Atropelados politicamente e com seguidos revezes judiciais, remanescentes do governo Flávio Dino têm, como tábua de salvação em 2026, as ações judiciais contra o governo Brandão

 

ESPERANÇA JUDICIAL. Os remanescentes do governo Flávio Dino se apegam ao que pode vir do STF, onde está o próprio Dino

Análise da Notícia

Os remanescentes do governo Flávio Dino vivem atualmente o pior momento político desde a vitória nas urnas, em 2014.

Além de conviver com números de pesquisas que apontam polarização das eleições 2026 entre o secretário Orleans Brandão (MDB) e o prefeito Eduardo Braide (PSD), os dinistas vivem a ansiedade de uma resposta que nunca vem da conversa do governador Carlos Brandão (sem partido) com o presidente Lula (PT).

  • para completar, desde a sexta-feira, 14, foram duas derrotas do PCdoB no Supremo Tribunal Federal;
  • primeiro a ministra Carmem Lúcia jogou no lixo uma nova tentativa contra eleição na Assembleia;
  • em seguida, o ministro Luiz Fux votou a favor de Iracema Vale, ampliando para 9X0 o placar favorável a ela.

Os dinistas têm ainda que amargar posições duras, como a do senador Weverton Rocha (PDT) em Barreirinhas e enfrentar o silêncio de aliados que preferem o desenrolar da guerra com Brandão.

Mas mesmo com revezes judiciais, ainda é no STF que se depositam todas as esperanças dos remanescentes do governo Flávio Dino.
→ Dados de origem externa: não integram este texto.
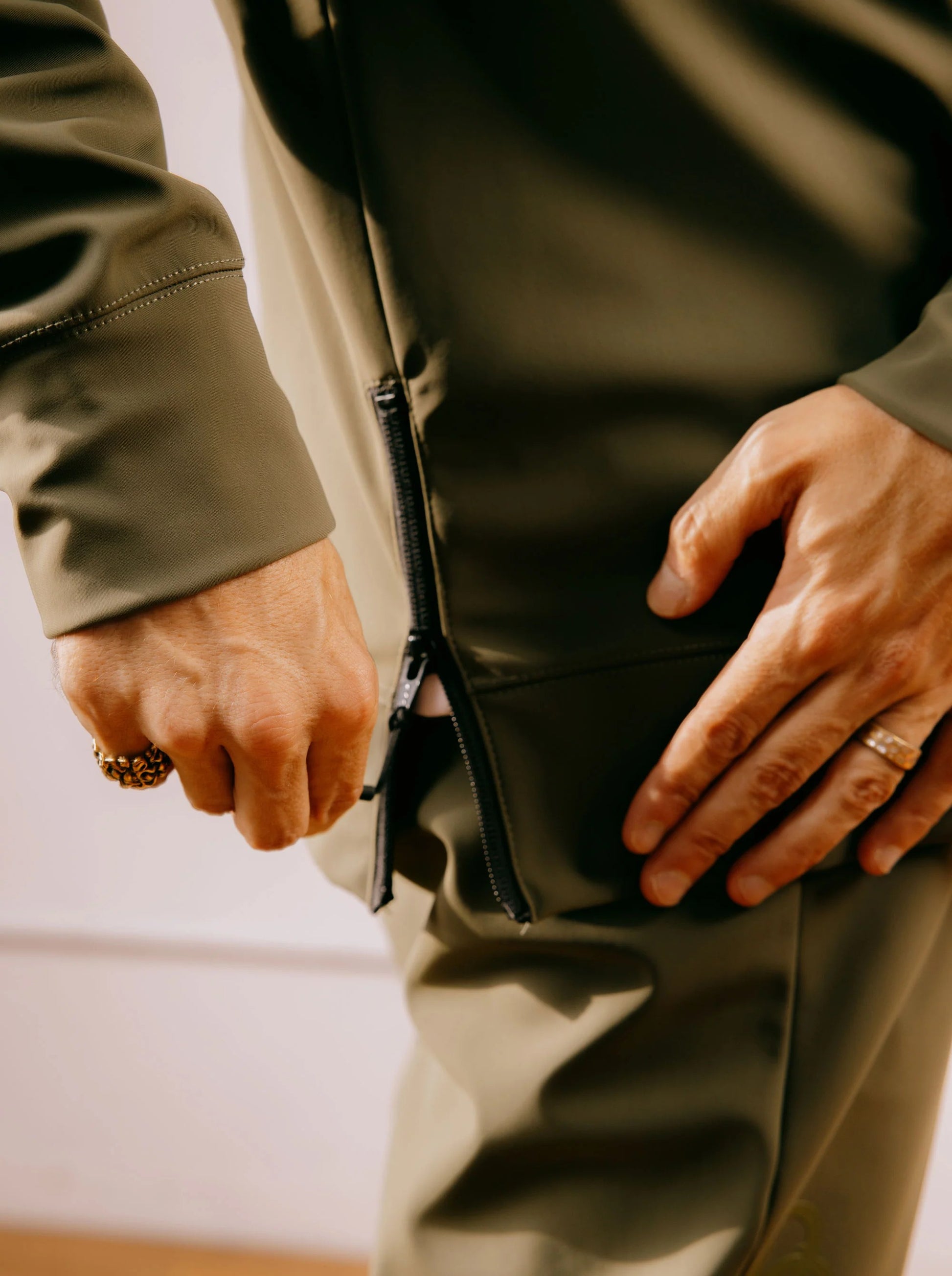 表面はナイロンストレッチの撥水ハイゲージトリコット、裏面に抜群の肌触りを持つポリエステルフリースボンディングをした高級感のあるハイブリッド素材使用のハーフジッププルオーバー。

  • para atingir Brandão, eles apostam fortemente em uma decisão sobre o presidente do TCE-MA, Daniel Brandão;
  • há ações nas mãos do ministro Alexandre de Moraes e outras, com Flávio Dino, que podem atingir o conselheiro.

Além dessas ações, Flávio Dino assumiu o controle do processo que trata do assassino do Tech Office, Gilbson Cutrim, e está pronto para tomar decisão sobre o caso.

Mas esta é uma outra história…

Exclusivo!!! Mulher do assassino do Tech Office pediu proteção da PF ao marido…

Lorena Cutrim procurou as autoridades federais para relatar “abandono, acelerado emagrecimento, forte confusão mental e sinais de demência” de Gilbson Cutrim na Penitenciária de Pedrinhas

 

SOB CUSTÓDIA. Gilbson Cutrim segue em presídio federal, em Brasília, desde maio, após estranha transferência determinada pelo STJ

Exclusivo

A dona de casa Lorena Cutrim procurou no final de fevereiro de 2025 representantes do Ministério Público Federal e da Polícia Federal para denunciar uma suspeita: o marido, Gilbson César Soares Cutrim Júnior – assassino confesso do empresário João Bosco Sobrinho Pereira – vinha apresentando sinais de definhamento na Penitenciária de Pedrinhas onde cumpria pena desde dezembro de 2024.

  • Gilbson foi condenado a mais de 13 anos de detenção pelo assassinato do empresário João Bosco Sobrinho Pereira, crime ocorrido em setembro de 2022;
  • o “crime do Tech Office” ganhou notoriedade por envolver o hoje presidente do TCE-MA Daniel Itapary Brandão, sobrinho do governador Carlos Brandão.

 “[Ele apresenta] acelerado emagrecimento, forte confusão mental e sinais de demência”, contou Lorena Cutrim aos procuradores federais e policiais federais, segundo apurou este blog Marco Aurélio d’Eça; a mulher percebeu forte definhamento do marido e o constatou “vomitando sangue” em uma das visitas que fez a Pedrinhas.

No dia 31 de maio de 2025 a Superintendência da Polícia Federal em São Luís encaminhou ao diretor do Complexo Penitenciário de Pedrinhas o Ofício nº 2239717/2025-DELEFAZ/DRPJ/SR/PF/MA, em que comunica a “transferência de preso referência 2025.0060948-SR/PF/MA”.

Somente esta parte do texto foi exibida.